Koronare Herzkrankheit: eine der häufigsten Todesursachen in westlichen Ländern
Die KHK ist eine der häufigsten Todesursachen in westlichen Ländern. In Österreich sind 36 Prozent aller Todesursachen den Herz-Kreislauferkrankungen zuzuordnen (zum Vergleich Krebs: 26 Prozent). Dies liegt einerseits daran, dass die Bevölkerung immer älter wird. Andererseits gibt es gewisse Risikofaktoren wie etwa Übergewicht, Bewegungsmangel, Diabetes oder Rauchen. In der stärksten Ausprägung kann die Koronare Herzkrankheit zum akuten Herzinfarkt führen.

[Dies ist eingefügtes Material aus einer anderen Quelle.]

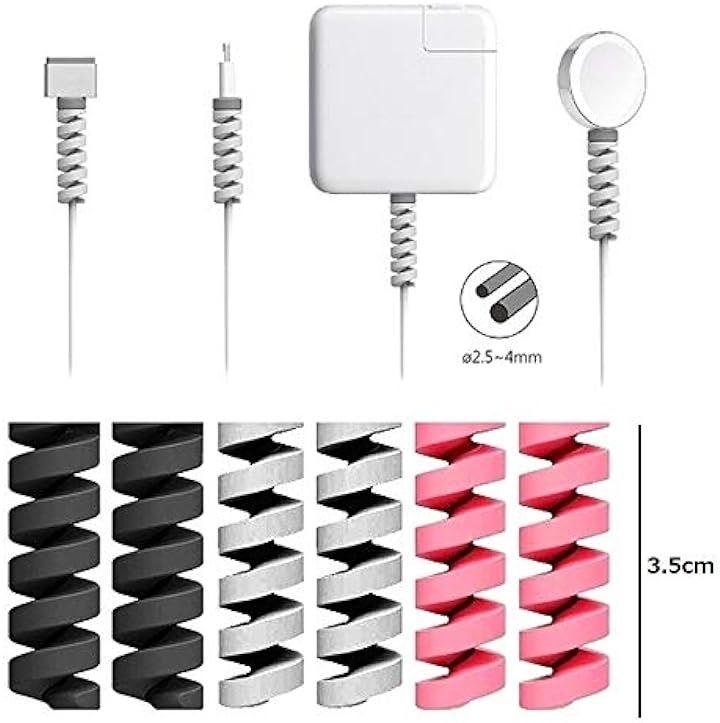 サイズ:3.5cmx0.8cm素材:シリコン配色:ブラックx2、グレーx2、ピンクx2(合計:6本)対応ケーブル:太さ2.5~4mm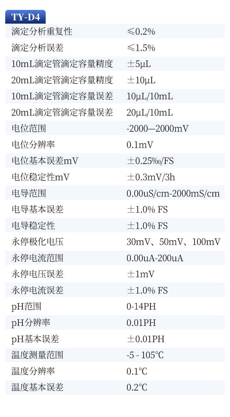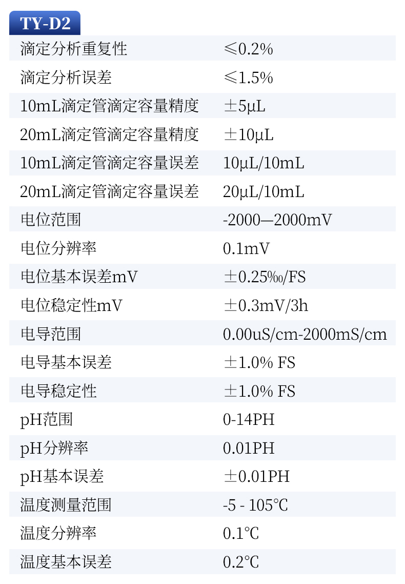 | 滴定分析重复性:≤0.2% | 滴定分析误差:≤1.5% |

Die neuen Ergebnisse stellen die seit Langem bestehende Empfehlung, Aspirin als langfristige Standardbehandlung zur Vorbeugung schwerwiegender kardiovaskulärer Ereignisse bei KHK-Patienten einzusetzen, in Frage.
Die überlegene Wirksamkeit von Clopidogrel gegenüber Aspirin zeigte sich in mehreren wichtigen Untergruppen, darunter bei Personen, die sich einer Stentimplantation unterzogen hatten, oder Teilnehmenden, die wegen genetischer oder klinischer Merkmale schlechter auf Clopidogrel ansprechen. Dies würde "die Verallgemeinerbarkeit dieser Ergebnisse auf das breite Spektrum der Patienten mit KHK" untermauern. Bei KHK-Patienten sei Clopidogrel Aspirin als Langzeittherapie deswegen vorzuziehen. Und weiter: "Die verbreitete Verfügbarkeit, die generische Formulierung und die Erschwinglichkeit von Clopidogrel sprechen ebenfalls für eine mögliche breite Anwendung in der klinischen Praxis."

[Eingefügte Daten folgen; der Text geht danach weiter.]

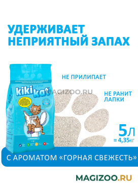 Наполнитель KikiKat Mountain Fresh Scented из натуральной белой бентонитовой глины с ароматом горной свежести, специально разработан для лучшего контроля запаха. Помогает кошкам чувствовать себя в естественной среде обитания.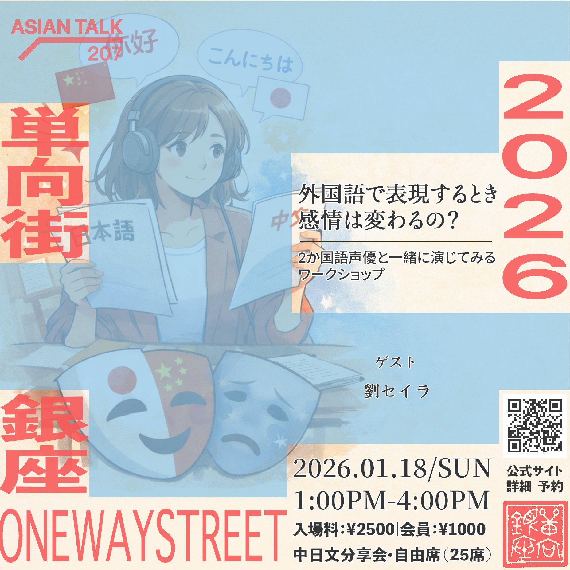 【活动主题】 Asian Talk 207 用外语表达时,情感会改变吗? 跟双语声优一起体验双语表演works… 阅读更多 »Asian Talk 207 用外语表达时,情感会改变吗?跟双语声优一起体验双语表演workshop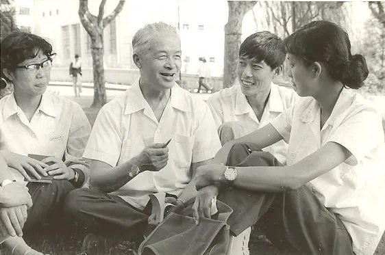 1980年,时任华东师大党委书记施平与学生交谈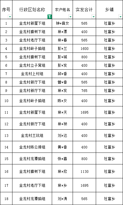 社富鄉金龍村預報2026年2月份農村低保匯總名單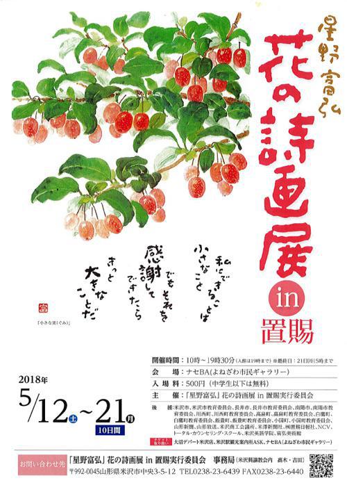 手足の自由を失いながら、筆を口でくわえて詩と水彩画を描く星野富弘さんの花の詩画展が米沢市で開催されます。 やさしさと愛に満ちた作品を実際にみてみませんか。ご希望の方は、次の要領でご応募ください。 ※※ プレゼントの応募は締め切りました。たくさんのご応募ありがとうございました。 ※※ ■■■ 「星野富弘 花の詩画展 in 置賜」チケットを5名に ■■■ ●星野富弘 花の詩画展 in 置賜 期間: 2018年5月12日(土)〜21日(月) 時間: 10時〜19時30分(入館は19時まで)※最終日は15時まで 場所: 米沢市民ギャラリー ナセBA(なせば) 米沢市中央3-5-12<応募方法>おらんだラジオホームページのメッセージフォームまたはメールで以下の内容をご記入の上、ご応募ください。 「星野富弘 花の詩画展 in 置賜」チケット希望 ラジオネーム : お名前 : 連絡の取れるメールアドレスまたは、電話番号 : <応募条件>・募集締め切り 2018年5月15日(火)ゆうらじ 終了まで・おらんだラジオまで直接チケットを取りにきていただける方に限ります※応募多数の場合には抽選となります※当選者には、おらんだラジオ事務局よりご連絡致します ::::: エフエム い〜じゃん おらんだラジオ 77.7MHz :::::

"Diese Erkenntnisse werden wahrscheinlich Auswirkungen (...) haben"
Was sagen unbeteiligte Experten zu dem Vorstoß? "Aspirin ist ein häufig verschriebenes Medikament zur Vorbeugung von wiederholten Herzinfarkten und Schlaganfällen. Diese Forschung legt nahe, dass Clopidogrel, eine Alternative zu Aspirin, bei der Vorbeugung von wiederkehrenden Herzinfarkten oder Schlaganfällen wirksamer sein könnte", wird Bryan Williams, wissenschaftlicher und medizinischer Leiter der British Heart Foundation, im Guardian zitiert.

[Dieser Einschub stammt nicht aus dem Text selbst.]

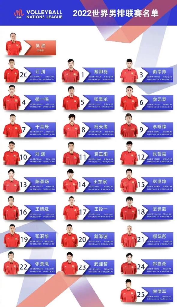 新华社北京5月12日电 国际排联11日公布了将在6月举行的2022年世界男排联赛(VNL)参赛名单,中国男排25人大名单出炉,江川、戴卿尧领衔。

Wesentlich sei, dass die beobachteten Vorteile ohne ein erhöhtes Risiko für schwere Blutungen einhergehen: "Diese Erkenntnisse werden wahrscheinlich Auswirkungen darauf haben, welche Medikamente Ärzte ihren Patienten verschreiben, um das Risiko zukünftiger Herzprobleme zu senken."